三者の中間に位置する広告会社は、デベロッパーからの依頼をそのまま、調査会社に丸投げし、上がってきた報告書の表紙を自社のものに替えて、デベロッパーに渡していたが、次のように述べている。
●クライアントであるデベロッパーからの差別調査の依頼を受けたことはなく、土地調査会社に差別調査を依頼したことはない。
●「地域下位地域」が同和地区の所在地を示唆する言葉であると認識していた。
●土地調査会社に「地域下位地域」など、差別報告を指摘することは一切なく、自社で修正・削除・加筆し、デベロパーに提出していた。
●今回、明るみに出た「差別報告書」は、修正等のチェック漏れとの認識にあった。
差別に関わる調査依頼もなければ、してもいないと、調査会社が勝手にやったことだといわんばかりだ。そして、自らが差別調査の一翼を担ったという意識はなく、調査会社から差別報告書を、それだと気づかずに受け取り、チェックができきれずに、デベロッパーに渡していたことが問題であり、その責任だけを認めてすり抜けようとする態度がありありだ。
しかし、仕事をとるために、デベロッパーにはサービスでやっていると言うように、彼らはデベロッパーの意向をくみ取り、それに敏感だ。だから、差別調査も、そうした状況下で当たり前になっており、依頼にはそれが含まれることは言わずもがなのことだ。
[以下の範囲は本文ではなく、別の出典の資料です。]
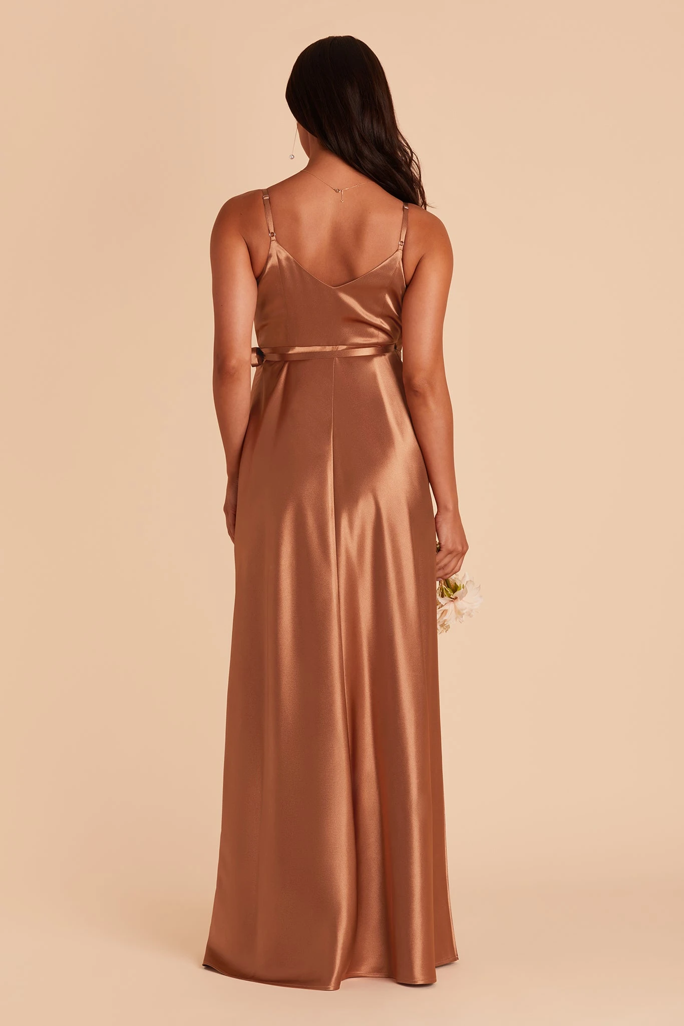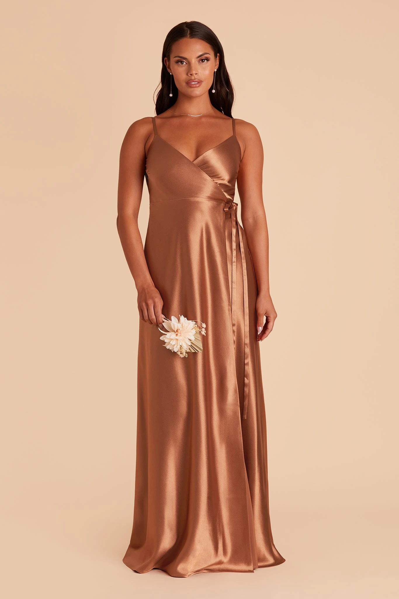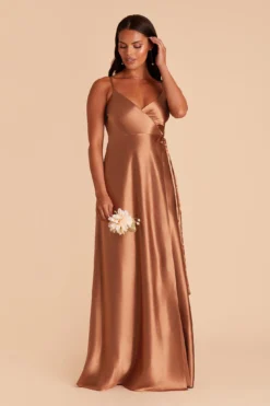 This satin wrap dress is an absolute stunner. Any bridesmaid will love how our Cindy dress flatters, emphasizing her natural waistline and elongating her frame. Perfect for a formal affair, our shimmering satin amps up the glam. The sky’s the limit when it comes to accessorizing Cindy. She pairs beautifully with dangly earrings or a dramatic statement necklace.

事件の構図は、三者の密接なつながりのもとでの役割分担がなされ、被差別部落の所在地情報などのマイナス情報に関わる調査が慣行として確立されていることを示している。差別調査の連鎖は、どれを欠いても成立せず、その意味では、広告会社はその連鎖の一つとして、忠実に役割を果たすことがその存在理由だと言ってもいい。そして、それを律儀にやってのけてきたのだ。だから、事ここに至って、責任転嫁や責任逃れのための抗弁は見苦しい。
それにしても、そうしたありようを許してしまうのは、事前の詰めの甘さにあることは確かだろう。「真理は細部に宿る」と言うが、本質を暴き出すためには、事件の細部を現場で徹底的に明らかにし、言い逃れの余地を封ずることが必要だ。短兵急ではなく、用意周到であるべきだ。